The problem is that the current European divide that looks hardest to fix is a fundamental disagreement over how important a Ukrainian victory is and what it would take to bring it about.
The closer you live to Russia as a European Union citizen, the more you argue, as I did in this space on June 5, that Putin doesn’t need the diplomatic off-ramp that Macron is offering but rather the dead-end that can only be brought by tougher sanctions and a more effective Ukrainian counter-offensive backed by longer-range weapons.
Russia’s closest neighbors know that a bad peace where Ukraine gives up new territory can only provide a respite before Putin resumes his imperial efforts to take all of Ukraine and ultimately other former Soviet areas.
In Western Europe, the desire is greater for a peace that would end the war now, even if the outcome leaves Putin in power and, as Macron has said, avoids humiliating him.
“Despite the celebratory rhetoric in Brussels about the European Union’s surprisingly robust response to Russia’s invasion of Ukraine,” writes Eoin Drea this week in Foreign Policy, “the war has not united the bloc in any unprecedented or transformative way.

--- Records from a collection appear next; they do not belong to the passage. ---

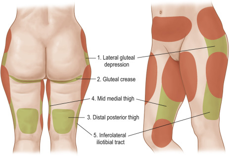 Anatomic “zones of adherence” are areas of relatively dense fibrous attachments to underlying deep fascia and help to define the natural shape and curve of the body ( Fig. 8.2 ) .
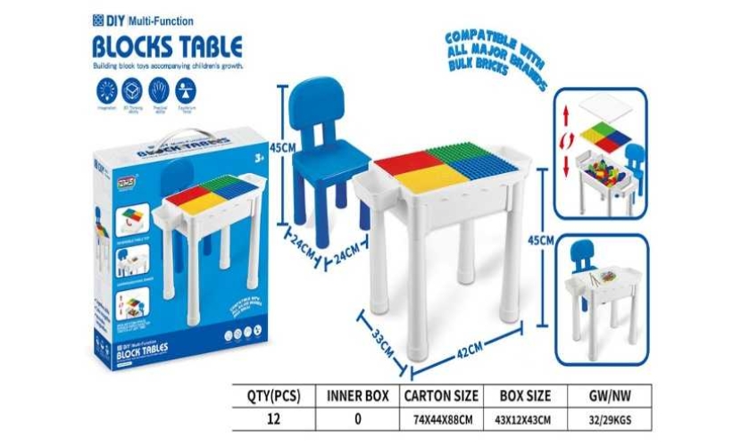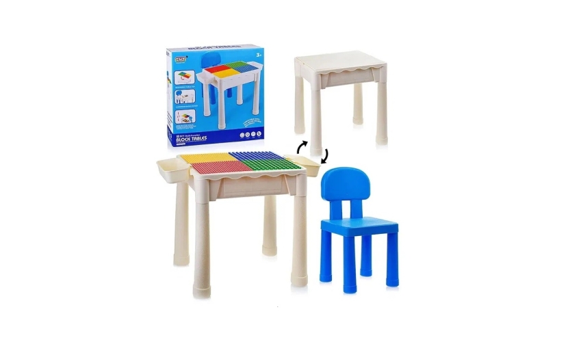 Παιδικός πάγκος με καρεκλάκι, ειδικός για κατασκευές με τουβλάκια και δραστηριότητες DIY.Συμβατός με όλα τα τουβλάκια γνωστών εταιρειών του εμπορίου.
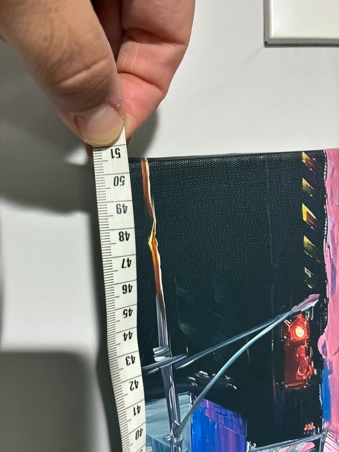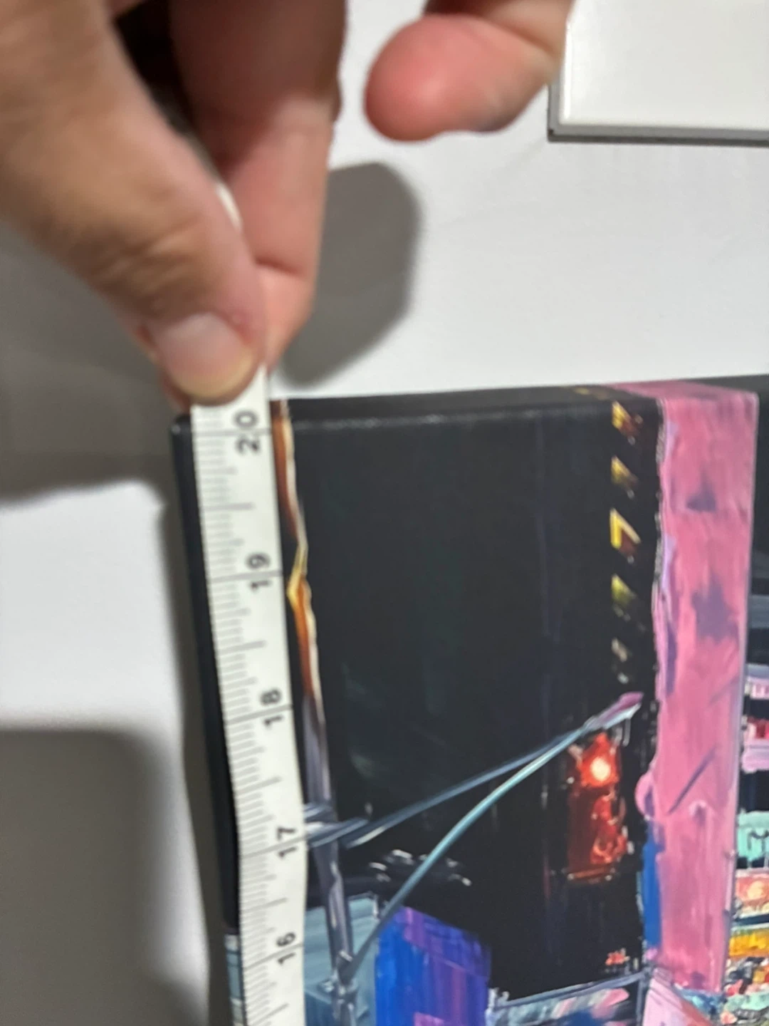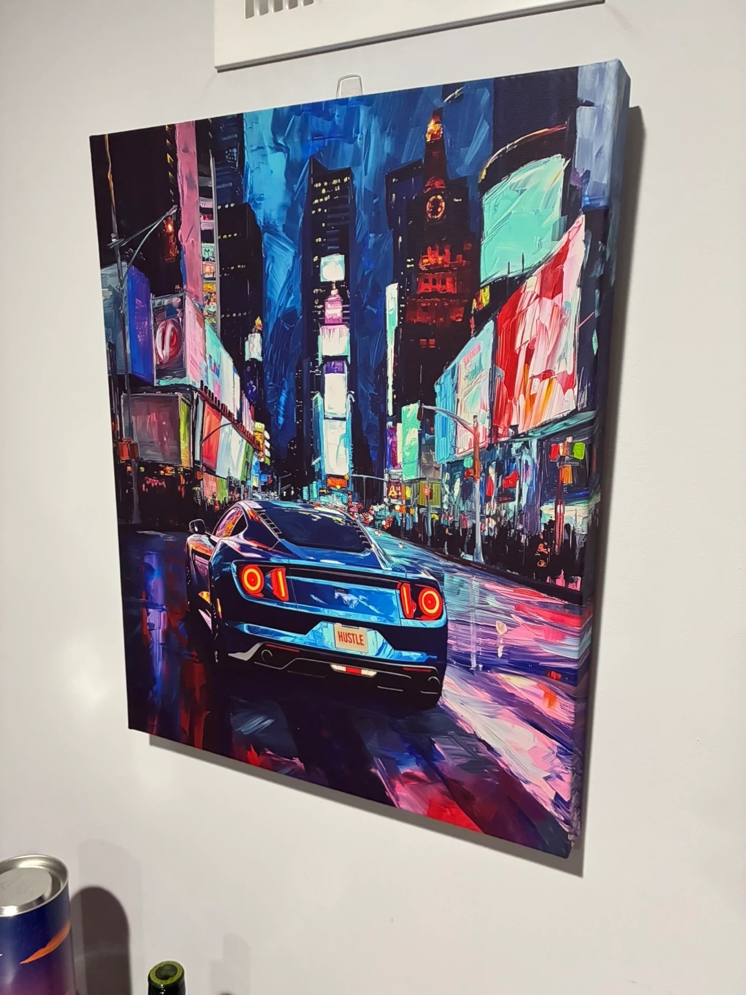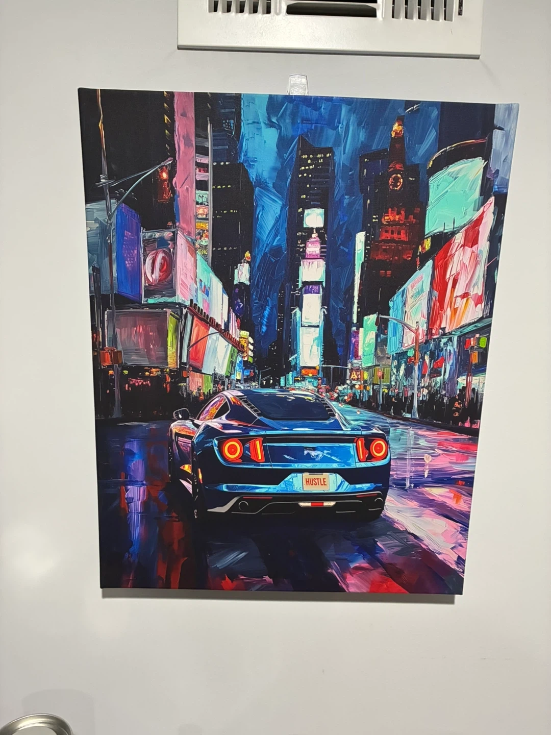 Canvas wall art featuring a cityscape with a car. It's in great condition and measures approximately 20 inches by 16 inches.

In fact, it’s having exactly the opposite effect. Beneath the soaring vista of Ukraine as a catalyst for a more muscular and geopolitically effective EU lie deep divisions, shifting allegiances, and a much more complex reality.”
Counterbalancing that gloom, France’s Macron, Germany’s Scholz, Italian President Mario Draghi, and Romanian President Klaus Iohannis visited Kyiv on June 16. Shortly after they returned, the European Parliament voted with 529 votes to 45 against and 14 abstentions to adopt a resolution calling on the Heads of State or Government to grant EU candidate status to Ukraine the Republic of Moldova, which they have now done.
That symbolism must now be complemented by even greater substance. The rewiring of the EU has only just begun to strengthen its defenses, diversify its energy sources, tighten its transatlantic links and ensure Ukraine’s survival as a sovereign, free European state.
To stay the course, European leaders and citizens must understand what they are doing isn’t just for Ukraine but even more for themselves. The lessons from two devastating World Wars and a Cold War are that staying unified is a pre-requisite for victory and that appeasing despots is always self-defeating.
— Frederick Kempe is the President and Chief Executive Officer of the Atlantic Council.